La mayoría de proyectos nacionales de memoria están ligados organizacionalmente a debates transnacionales en museología, concursos públicos de diseño de monumentos, activismo de derechos humanos y mnemotécnica. Es entendible, sin embargo, que los museos y los espacios de memoria se aproximen principalmente a memorias locales y nacionales de violencia política traumática. Esto es cierto no solo en lugares de tortura y asesinato, como los campos de concentración alemanes o el esma en Buenos Aires, sino también en el Museo de Memoria y Derechos Humanos de Chile, el espacio artístico contramonumental Fragmentos en Colombia o en el Museo del 9/11 de Nueva York.
Tengo la sensación de que los aspectos transnacionales de las políticas de memoria pueden estar articulados con más fuerza en la literatura y las artes visuales, pues estas tienen un horizonte imaginativo y un poder político comparativo más amplio que las instituciones e investigaciones locales. Las artes y las humanidades pueden aportar significativamente a una cultura de memoria transnacional, cuyo objetivo principal sería el de entrenar la imaginación en cómo vivir en un mundo cada vez más interconectado, y cómo negociar pasados y presentes divergentes en una creciente era planetaria. Todas las sociedades dependen de las memorias del pasado histórico para su identidad, incluso cuando las negociaciones con respecto al pasado continúan siendo un campo de lucha y conflicto.
En el ejercicio de analizar las nuevas tendencias de los discursos dentro de las culturas de la memoria, podemos explorar primero qué elementos pueden no ser ya centrales o pueden haber sido sujetos a una crítica legítima. Puedo identificar tres: primero, la vieja batalla entre la historia y la memoria como algo que se supone irreconciliable es algo del pasado. Teóricamente, la mayoría de investigadores de la memoria asumen una relación recíproca, más que una relación mutuamente excluyente, entre la historia y la memoria. Por supuesto que a la crítica a la memoria, como algo que no es confiable, que es por lo general autoindulgente, meramente subjetiva y manipulable, se le debe dar un lugar en los estudios de memoria, y el análisis de testimonios presenciales ha desarrollado herramientas para tener esto en cuenta.

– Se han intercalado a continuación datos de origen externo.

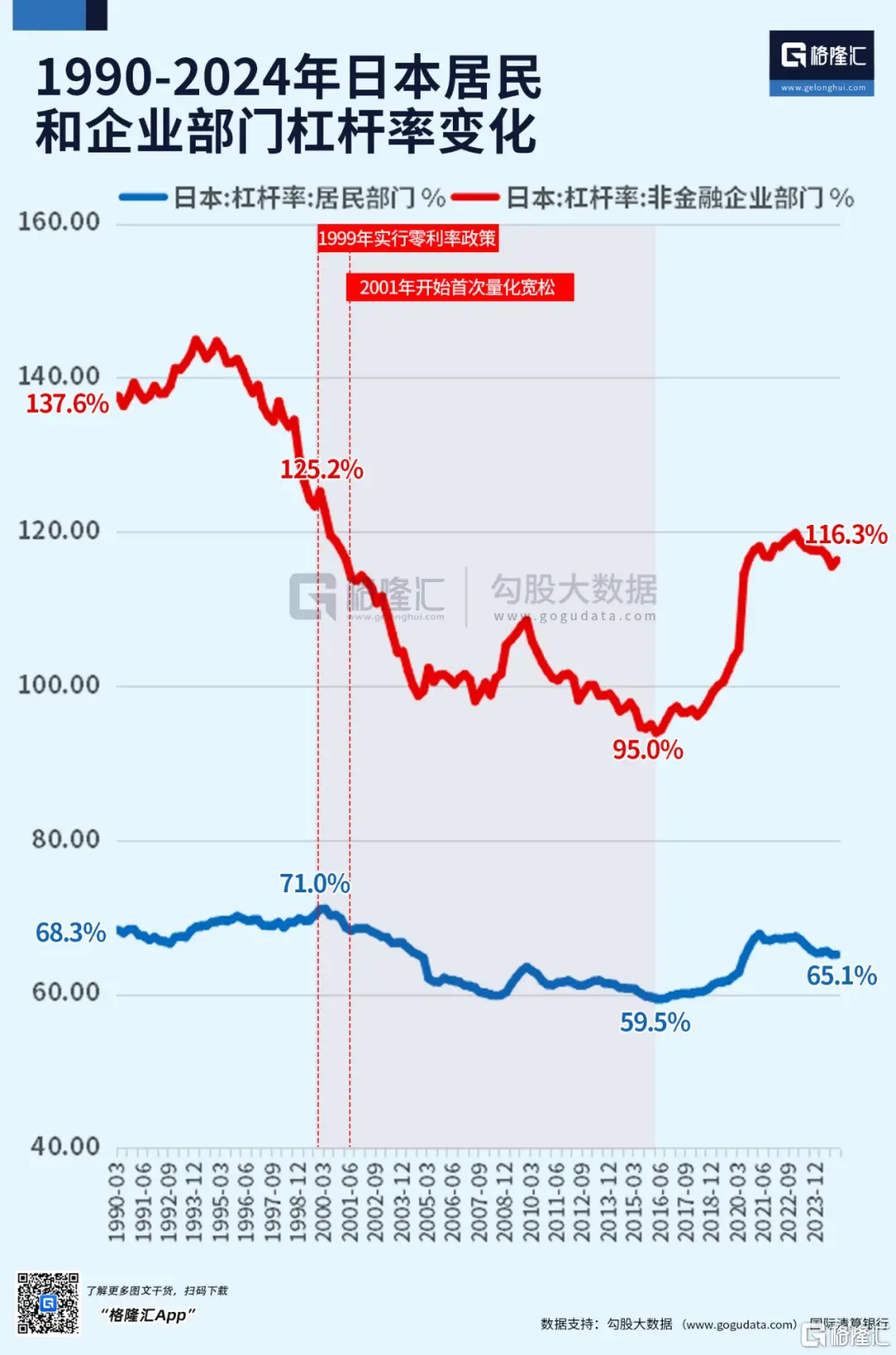可是這些極度寬鬆的貨幣政策並沒有快速扭轉日本居民和企業部門的去槓桿進程。日本央行1999年就把利率降到0,可是2000年到2015年,這15年的時間,日本企業和居民仍舊在加速去槓桿。1999年到2015年,日本企業部門槓桿率從125.2%降至低點98%,居民部門槓桿率則從71%一路降至59.5%。
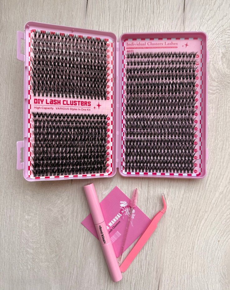 Açık pembe takma kirpik kümeleri, pembe aplikatör ve yapıştırıcı içeren set, kolay uygulama sağlar. Görünümünüzü kişiselleştirmek için ideal. ️

Un segundo concepto que ha dejado de ser predominante es la noción del carácter único del Holocausto, que impedía cualquier tipo de comparación con otros casos de genocidio o de limpieza étnica. Este argumento tenía sentido cuando el Holocausto no había sido públicamente reconocido como la gran ruptura en la civilización que en efecto fue. Este ya no es el caso. La afirmación de que el Holocausto es algo único ha sido instrumentalizada, bien sea con propósitos políticos o como una última defensa estética de una teoría modernista, ahora insostenible, de irrepresentabilidad. Las comparaciones mundiales de la escala y la intensidad de una violencia apoyada por el Estado se han vuelto claves en ética, legislaciones de derechos humanos y en el debate público. El Holocausto mantiene un lugar muy importante en estos esquemas comparativos, pero las pretensiones de unicidad siempre llevarán a una jerarquización profundamente problemática del sufrimiento. La victimización no puede convertirse jamás en un juego de suma cero.

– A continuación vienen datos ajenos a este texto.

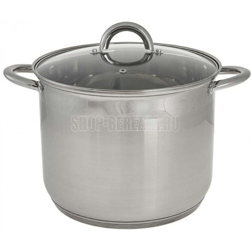 Объем 10 л Диаметр 24 см Высота 21 см Толщина стенок 0,5 мм,толщина дна 2,5 мм Кастрюля из высококачественной нержавеющей стали(SS201) Стеклянная крышка с отверстием для отвода пара Термосберегающее дно: пятислойное капсулированное дно с повышенной термоотдачей Стальные клепаные ручки Может быть использована на всех типах кухонных плит, включая индукционные Подходит для мытья в посудомоечной машине Упаковка: воздушно-пузырчатая пленка
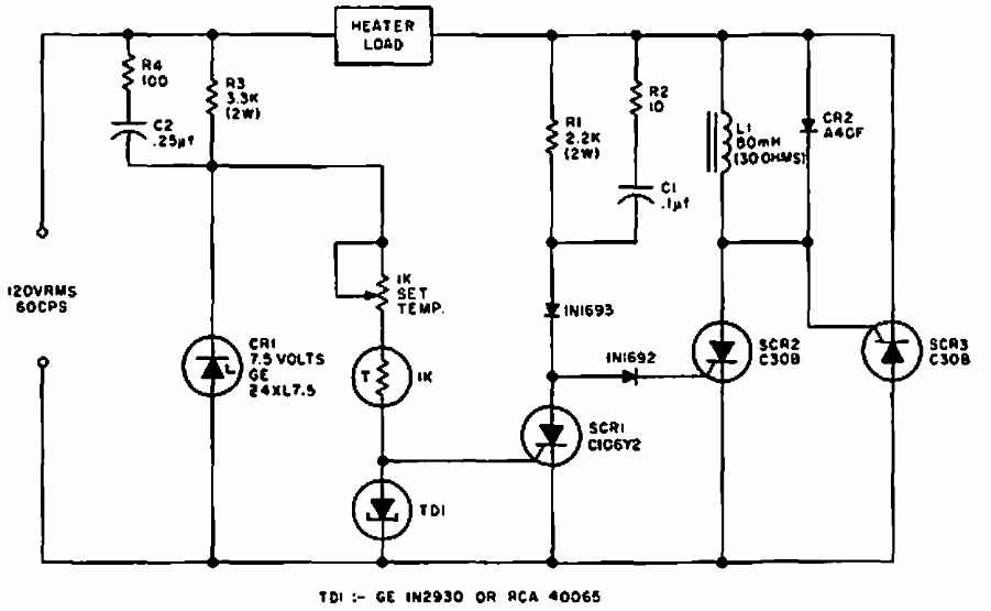 This circuit was obtained from a 1967 GE SCR manual. The SCRs must be rated for the wattage of the controlled heating element.
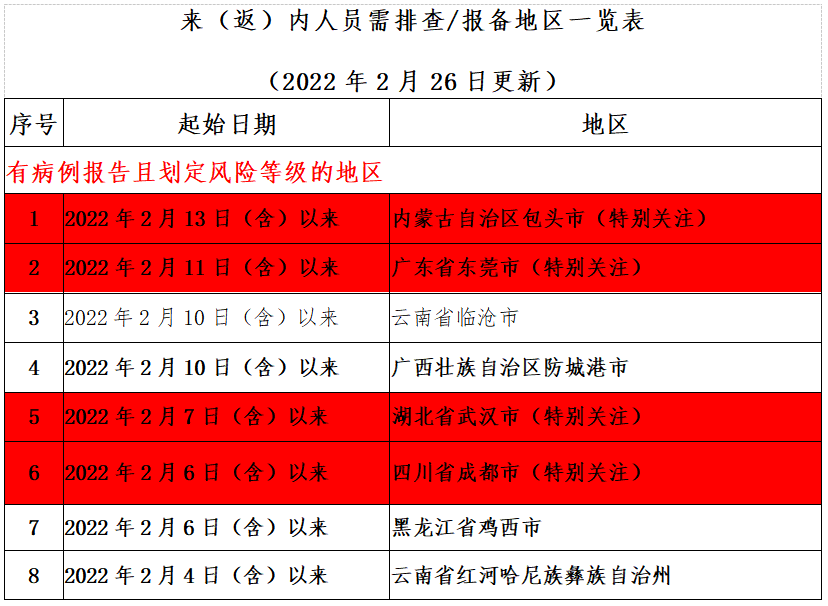 近期重點(diǎn)關(guān)注四川省成都市、德陽市、綿陽市、眉山市,湖北省武漢市,內(nèi)蒙古呼倫貝爾市、呼和浩特市、包頭市疫情。不前往高、中風(fēng)險地區(qū)以及發(fā)生本土疫情的地區(qū)。

Tercero, el campo de estudio se ha alejado de su marcado énfasis en el trauma, como se había formulado en el contexto posestructuralista, principalmente en relación con las teorías de irrepresentabilidad y de la muerte del sujeto en el potente trabajo de Dori Laub, Shoshana Felman y Cathy Caruth. Este trabajo ha sido valioso en discusiones legales y psicoanalíticas sobre presencia y testimonio, pero negar que el evento traumático es accesible también condujo a serios bloqueos del conocimiento histórico.

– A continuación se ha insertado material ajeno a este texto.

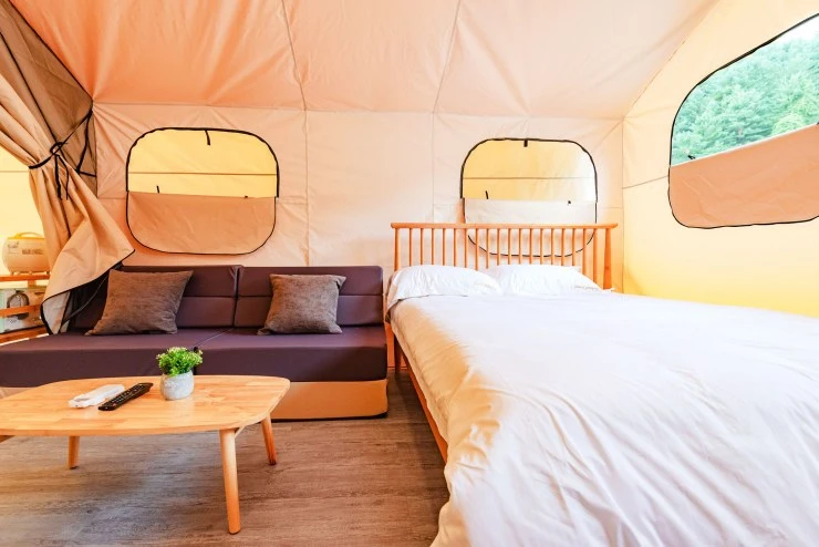핀란드 캠핑성은 넓고 쾌적한 객실 환경으로 유명한 가평 글램핑이다. 계곡, 대형, 대형 계곡뷰 총 3가지 객실타입을 보유하고 있다.
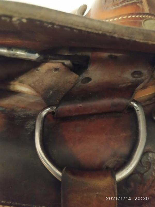 Sur une selle western le cuir est souvent travaillé : le côté de grain (dessus) peut être timbré et/ou sculpté (le côté du dessous s'appelle la chair). Il vous faut donc bien regardé les motifs mais aussi la qualité de la bouclerie : Les motifs ont-ils été fait à la presse industrielle ou ont-ils été marqués ou gravés ? Quel est le métal utilisé pour la fabrication des boucleries et autres décorations ?
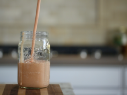 - Pour your smoothie into a mason jar and sprinkle caveman crunch on top
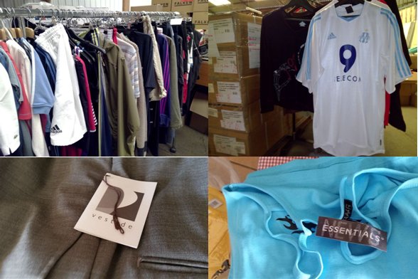 Essential, vestide.. on y trouve pantalons, chemises, pull, vestes,tee shirts, sous-vêtement… soit un total 700 à 1000 pièces. Valeur étiquetage du lot 31 000 euros
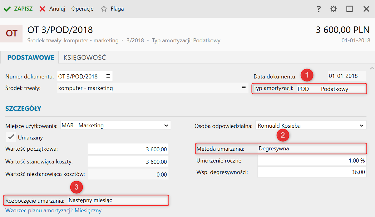 Dzięki temu Metoda umarzania Miesiąc rozpoczęcia umarzania i Typ amortyzacji będą możliwe do edycji. Należy pamiętać, że po edycji i zapisie dokumentu OT należy z powrotem zatwierdzić Plan amortyzacji. Bez zatwierdzenia Planu amortyzacji nie będzie możliwości odliczania rat amortyzacyjnych.
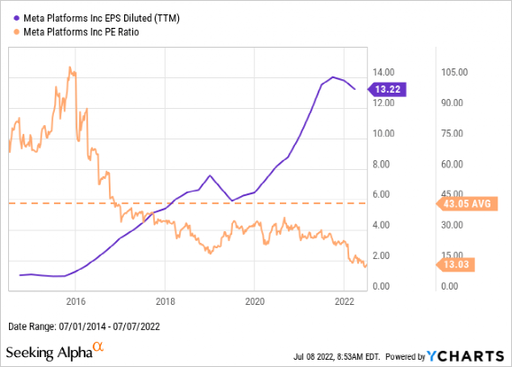 该股目前的市盈率约为13倍,明显低于该股27.9倍的五年平均水平。同样,当前8.0的价格/现金流表明,与Meta五年的平均价格/现金流18.4相比,该公司的股票已经非常便宜。因此,过去五年,Meta的市盈率处于历史低位,而收益却一直在增长。在目前的水平上,该股提供了一个有吸引力的估值,同时提供了一个合理的安全边际。
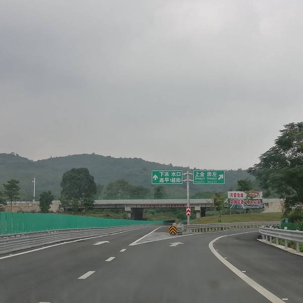 南宁到到龙州开通了高速公路,是南宁到水口口岸中的一段。这条高速公路风景不错,车也太少了吧。有了这条高速,南宁到来自才180多公里,2个半小时内可以到达南宁市区了。

Por ser cada vez más populares, los discursos de trauma corrían el riesgo, además, de alimentar una creciente cultura de victimología. A medida que el trauma se volvió ubicuo, empezó a perder su poder en la vida real. Es innegable que los estudios de trauma han sensibilizado nuestra cultura a estructuras traumáticas y eventos más allá del genocidio, la guerra y la violencia de Estado. Sin embargo, la lenta violencia del día a día generada por la pobreza, la migración y el cambio climático puede ofrecer un campo de análisis expandido en el cual enfocarse. De cualquier manera, para que los estudios de trauma permanezcan viables, necesitan incorporar una dimensión de pensamiento sobre futuros alternativos, que ha estado ausente en los estudios de memoria en el pasado.
Hoy se pueden identificar unos movimientos sociales incipientes que se enfocan en las políticas de la memoria en nuestro presente. Los nuevos desarrollos incluyen el campo completo del estudio de adn, utilizado para identificar a los hijos de los desaparecidos que fueron robados durante la guerra sucia en Argentina, y el uso de las tecnologías digitales para crear archivos de la memoria de las desapariciones (Chile) o de detención (el Gulag soviético). Ambos son un intento por tener una mejor comprensión de la estructura e historia de la victimización, y basan sus descubrimientos en el mayor número posible de casos individuales.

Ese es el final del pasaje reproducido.